Data entries
↓
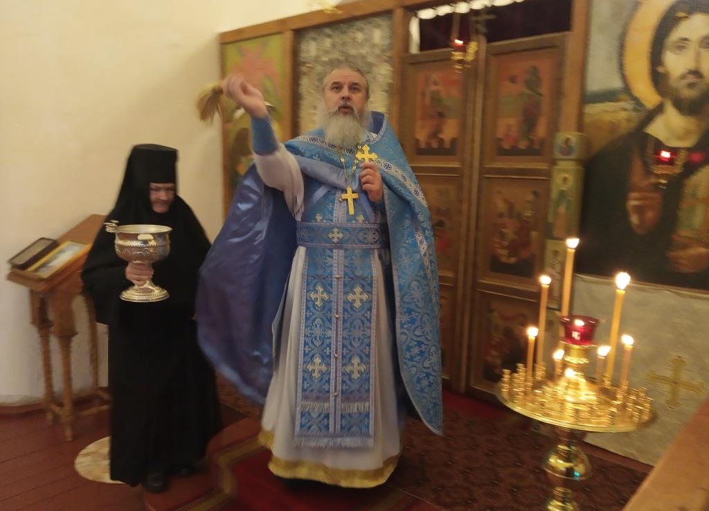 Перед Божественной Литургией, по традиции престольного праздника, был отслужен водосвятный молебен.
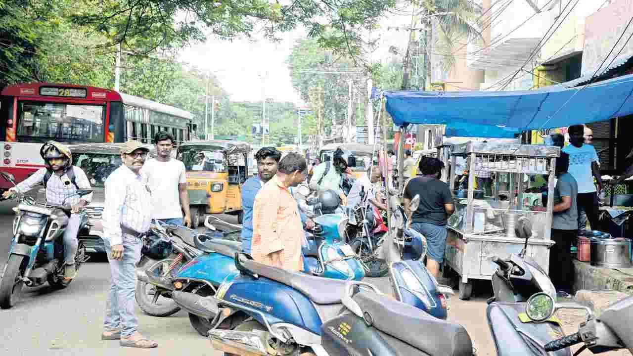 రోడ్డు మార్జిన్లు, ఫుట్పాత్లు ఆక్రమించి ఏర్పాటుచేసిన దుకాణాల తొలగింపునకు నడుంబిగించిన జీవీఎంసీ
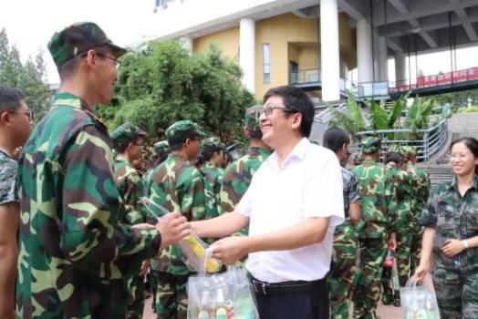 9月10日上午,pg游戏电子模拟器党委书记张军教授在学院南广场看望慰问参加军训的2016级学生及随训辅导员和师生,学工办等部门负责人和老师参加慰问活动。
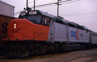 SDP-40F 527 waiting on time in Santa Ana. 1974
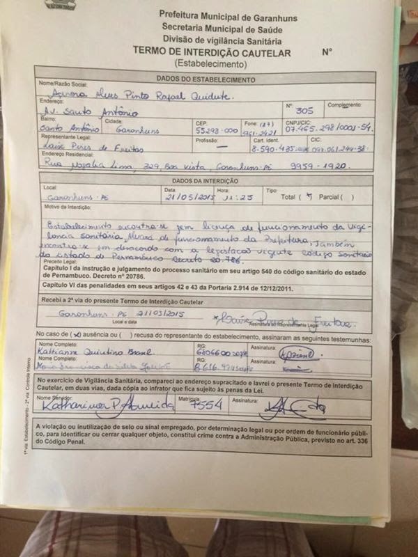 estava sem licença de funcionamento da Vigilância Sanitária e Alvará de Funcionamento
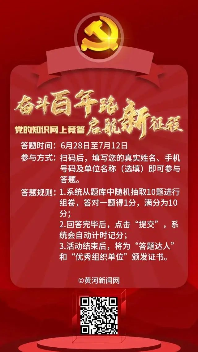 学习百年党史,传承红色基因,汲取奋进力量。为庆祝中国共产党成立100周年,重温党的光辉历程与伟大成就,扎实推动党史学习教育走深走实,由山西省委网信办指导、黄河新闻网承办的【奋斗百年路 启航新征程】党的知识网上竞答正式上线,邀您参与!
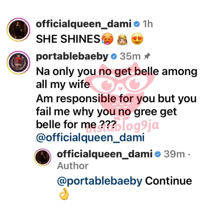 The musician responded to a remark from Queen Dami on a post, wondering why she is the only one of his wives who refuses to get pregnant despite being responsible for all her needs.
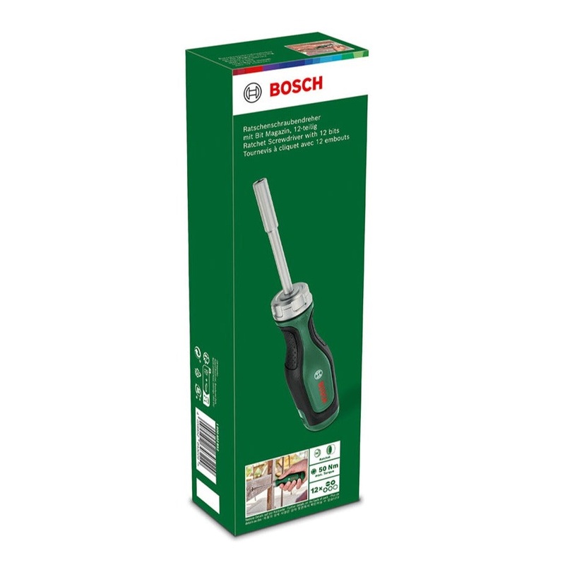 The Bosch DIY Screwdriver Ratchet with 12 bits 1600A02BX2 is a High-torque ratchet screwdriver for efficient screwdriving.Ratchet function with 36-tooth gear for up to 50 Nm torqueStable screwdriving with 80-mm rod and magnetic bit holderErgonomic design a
↑
# Problem statement
Reproduce every record verbatim, please. Omit the images.

# Written response
 Перед Божественной Литургией, по традиции престольного праздника, был отслужен водосвятный молебен.
 రోడ్డు మార్జిన్లు, ఫుట్పాత్లు ఆక్రమించి ఏర్పాటుచేసిన దుకాణాల తొలగింపునకు నడుంబిగించిన జీవీఎంసీ
 9月10日上午,pg游戏电子模拟器党委书记张军教授在学院南广场看望慰问参加军训的2016级学生及随训辅导员和师生,学工办等部门负责人和老师参加慰问活动。
 SDP-40F 527 waiting on time in Santa Ana. 1974
 estava sem licença de funcionamento da Vigilância Sanitária e Alvará de Funcionamento
 学习百年党史,传承红色基因,汲取奋进力量。为庆祝中国共产党成立100周年,重温党的光辉历程与伟大成就,扎实推动党史学习教育走深走实,由山西省委网信办指导、黄河新闻网承办的【奋斗百年路 启航新征程】党的知识网上竞答正式上线,邀您参与!
 The musician responded to a remark from Queen Dami on a post, wondering why she is the only one of his wives who refuses to get pregnant despite being responsible for all her needs.
 The Bosch DIY Screwdriver Ratchet with 12 bits 1600A02BX2 is a High-torque ratchet screwdriver for efficient screwdriving.Ratchet function with 36-tooth gear for up to 50 Nm torqueStable screwdriving with 80-mm rod and magnetic bit holderErgonomic design a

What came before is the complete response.